With the pictures removed, the data below must be transcribed in full and exactly.

Given information:
☆ ☆ ☆ ☆

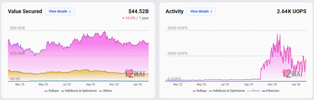 鉴于首先扩展主链的复杂性,Roll Up 被视为一种可行的选择。截至 2026 年 1 月底,以太坊二层(L2)管理的资产价值超过 410 亿美元。在这个快速增长的领域,索尼的 Soneium 是主要参与者之一。
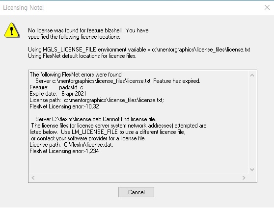 이전에 구매했던 PADS(USB 동글타입)에서 첨부파일과 같은 에러 메시지가 출력되면서 데모버전으로 실행됩니다.
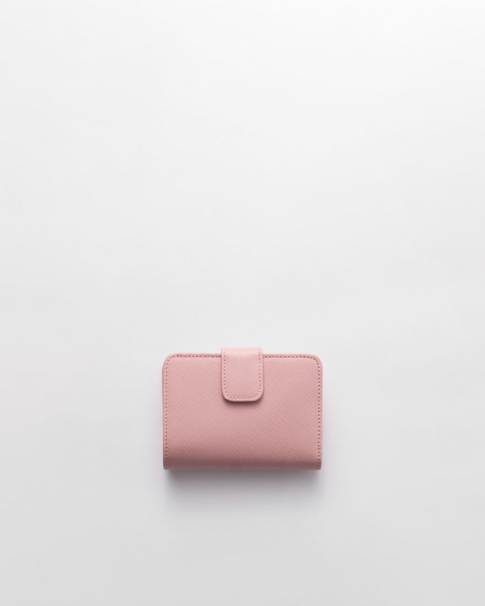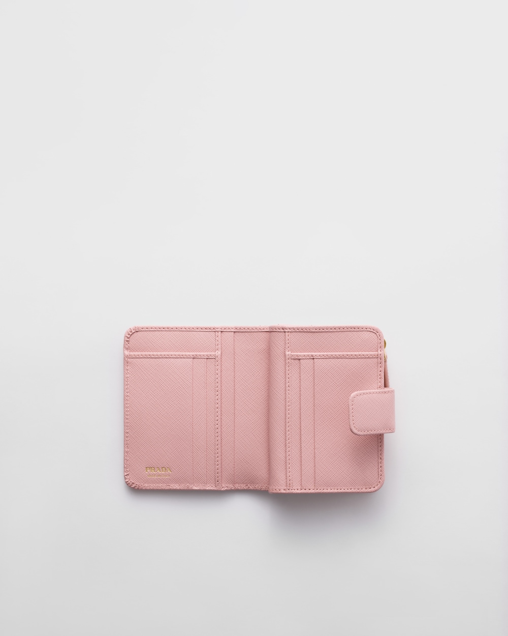 コンパクトなサイズながら高い機能性を備えた「サフィアーノ」レザー(牛革)の財布。スナップ開閉式。カードホルダー9個、内ポケット2個を備え、エナメルトライアングルロゴがあしらわれています。

☆ ☆ ☆ ☆

Result for this task:
 鉴于首先扩展主链的复杂性,Roll Up 被视为一种可行的选择。截至 2026 年 1 月底,以太坊二层(L2)管理的资产价值超过 410 亿美元。在这个快速增长的领域,索尼的 Soneium 是主要参与者之一。
 이전에 구매했던 PADS(USB 동글타입)에서 첨부파일과 같은 에러 메시지가 출력되면서 데모버전으로 실행됩니다.
 コンパクトなサイズながら高い機能性を備えた「サフィアーノ」レザー(牛革)の財布。スナップ開閉式。カードホルダー9個、内ポケット2個を備え、エナメルトライアングルロゴがあしらわれています。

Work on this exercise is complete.